▶ _Exercise description_
Please give the whole listing again exactly, without any of its pictures.

▶ _Dataset extract_
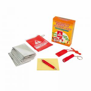 • 携帯便利なPVCケースに緊急時に役立つ5種類の防災アイテムをセットしました。
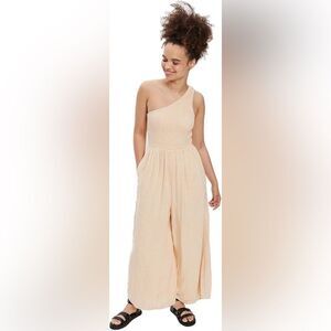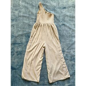 American Eagle Pale Goldenrod Yellow Cream Floral One Shoulder Jumpsuit Small
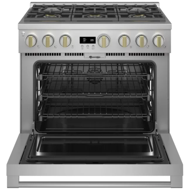 Cuisinière à biénergie Monogram – 36 pouces, 5,75 pi³, inox – ZDP364NDTSS

▶ _Expected output_
 • 携帯便利なPVCケースに緊急時に役立つ5種類の防災アイテムをセットしました。
 American Eagle Pale Goldenrod Yellow Cream Floral One Shoulder Jumpsuit Small
 Cuisinière à biénergie Monogram – 36 pouces, 5,75 pi³, inox – ZDP364NDTSS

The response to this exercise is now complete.